**WHAT IS EXPECTED:**
Images should be left out, and everything else in the listing reproduced exactly.

**SOURCE DATA:**

----

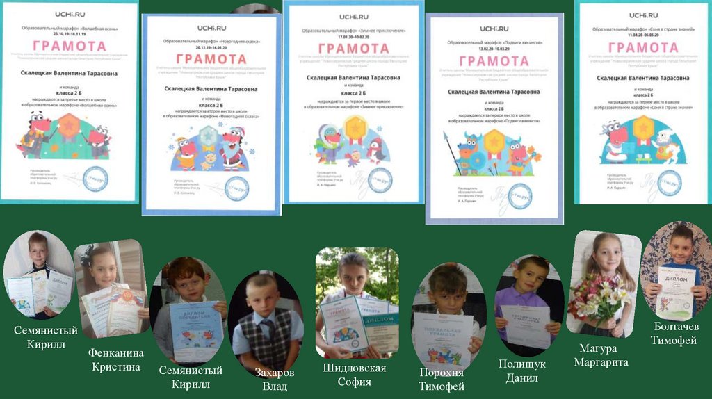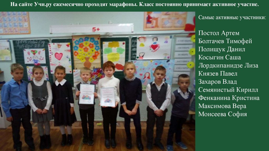 На сайте Учи.ру ежемесячно проходят марафоны. Класс постоянно принимает активное участие.Самые активные участники:
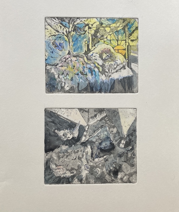 A hand-coloured diptych etching on Fabriano Unica paper …Good Morning/Good Night (Tree of Life)
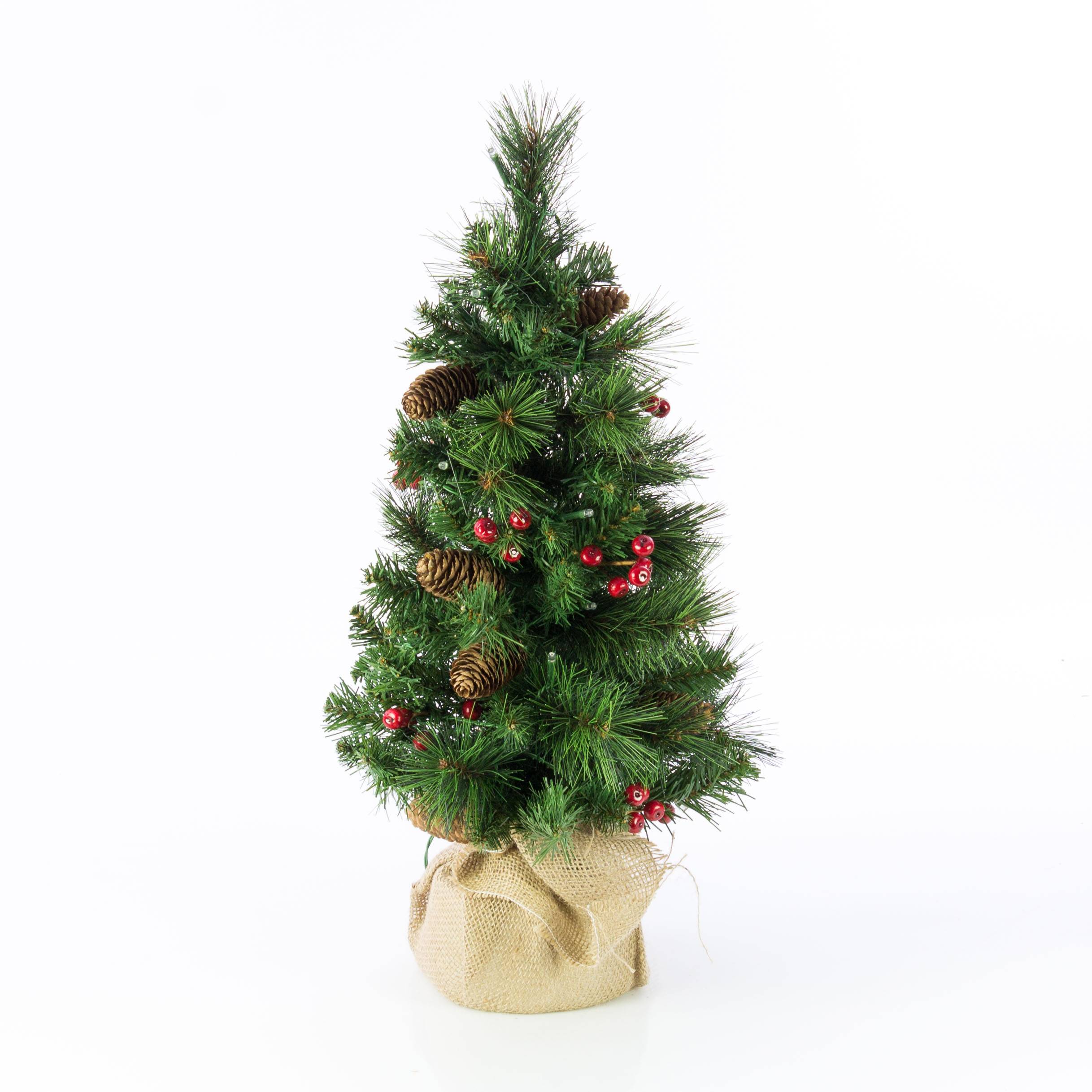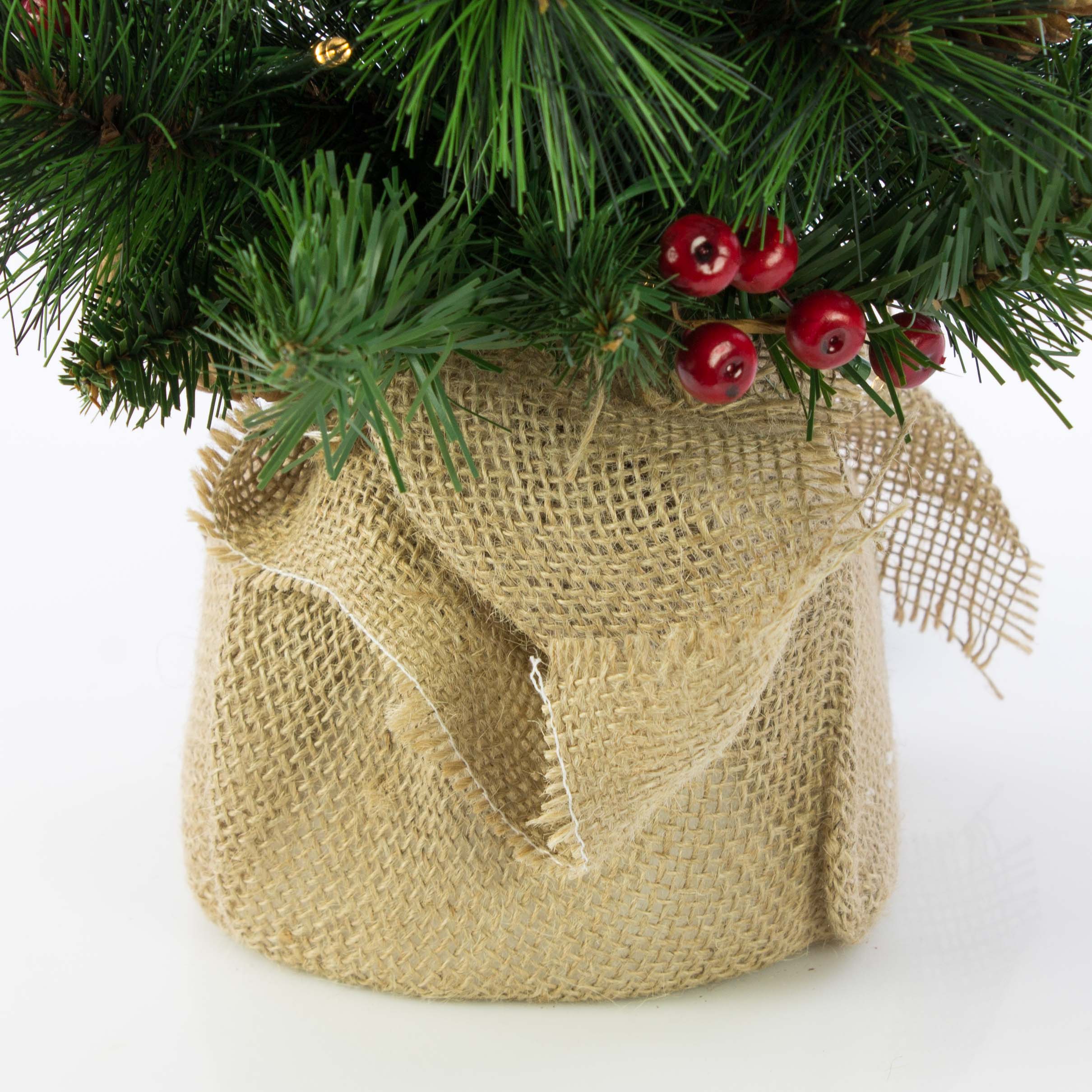 Petit sapin artificiel BUCAREST, sac de jute, décoré, LEDs, 60cm, Ø35cm

----

**EXERCISE ANSWER:**
 На сайте Учи.ру ежемесячно проходят марафоны. Класс постоянно принимает активное участие.Самые активные участники:
 A hand-coloured diptych etching on Fabriano Unica paper …Good Morning/Good Night (Tree of Life)
 Petit sapin artificiel BUCAREST, sac de jute, décoré, LEDs, 60cm, Ø35cm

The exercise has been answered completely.